Comment 2 Jonathan T. Looney freebsd_committer freebsd_triage 2021-02-18 20:40:44 UTC
I can think more about this, but my initial thought is that this is probably both expected and acceptable within the context you have given.

It appears that the two threads are doing these things:

Thread 1: Running sbfree() to free an mbuf from a socket buffer. I am going to surmise that this is an mbuf on the input socket buffer, and it has now been read by the application. This will decrease sb_ccc, which has the implication of increasing the available space in the socket buffer.

Thread 2: Running sbspace() to check on the amount of available space in a socket buffer. Because this is being called from tcp_do_segment(), I am going to surmise that this is being called from one of the two places which use sbspace() to determine the amount of data we can read from an input packet. (FWIW, even though the instruction points to the line which checks for SB_STOP, I assume that the actual conflict occurs on the next line of code which uses sb_ccc.)

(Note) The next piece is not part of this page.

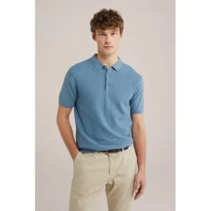 WE Fashion regular polo fijn gebreid blauw

If I understand the code correctly, neither the socket nor socket buffer can be freed as long as the TCP code holds a reference on the socket. And, if the TCP code is calling tcp_do_segment(), it should be in a state where it still has a reference on the socket. So, the only potential danger from the lack of synchronization is a stale read on the socket buffer values.

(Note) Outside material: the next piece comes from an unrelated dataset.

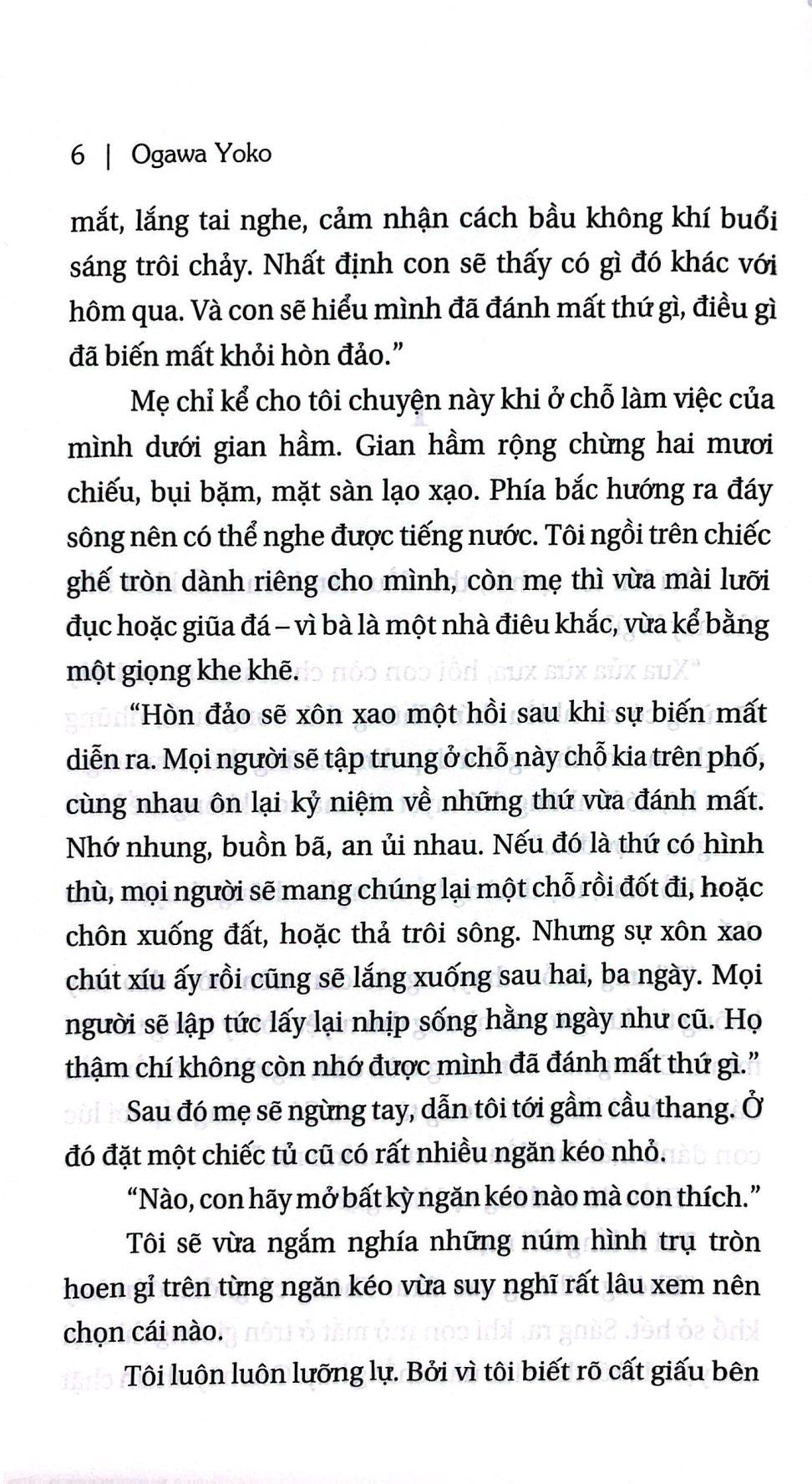 Trên một hòn đảo nọ mọi thứ cứ dần biến mất. Khi là cái ruy băng, khi là ảnh, khi là lịch, khi là cái chân trái... Và khi một thứ nào đó biến mất, người dân trên đảo sẽ mất hết khái niệm, ký ức về thứ ấy. Nhưng họ cũng không phản kháng, họ đem đốt, chôn, thả trôi sông... những thứ biến mất và chấp nhận sự biến mất như một lẽ thường. Cảnh sát ký ức luôn đảm bảo cho sự biến mất diễn ra mau lẹ và triệt để. Thế nhưng, có những người không bị ảnh hưởng bởi sự biến mất, họ không quên bất cứ thứ gì, và họ bị cảnh sát ký ức truy lùng. Trong hoàn cảnh nguy hiểm mà kỳ lạ ấy, rốt cuộc, số phận của hòn đảo nơi ký ức dần bị xóa nhòa trong lặng lẽ, chẳng khác nào quá trình kết tinh diễn ra âm thầm không ai hay biết này, sẽ đi về đâu?

In this particular case, I believe it is acceptable to have a stale read. TCP advertises a receive window to its peer based on the latest information it has about input socket buffer space. The peer should not exceed that receive window. Prior to Thread 1 modifying the sb_ccc value, the receive window would have been X. After Thread 1 modified the sb_ccc value, the receive window would have been Y (where Y > X). Absent some corner cases (such as suddenly shrinking the input buffer high water level), we should have most recently advertised a receive window no larger than X. Therefore, whether Thread 2 reads sb_ccc before or after Thread 1 updates it, the peer should not have sent us so much data that it actually produces a functional difference. (And, if the peer did exceed our advertised receive window, our TCP stack is under no obligation to accept that data.)

So, for this usage within TCP, it seems to me that the locking should not make a functional difference and the lack of locking for this particular read is probably a net gain.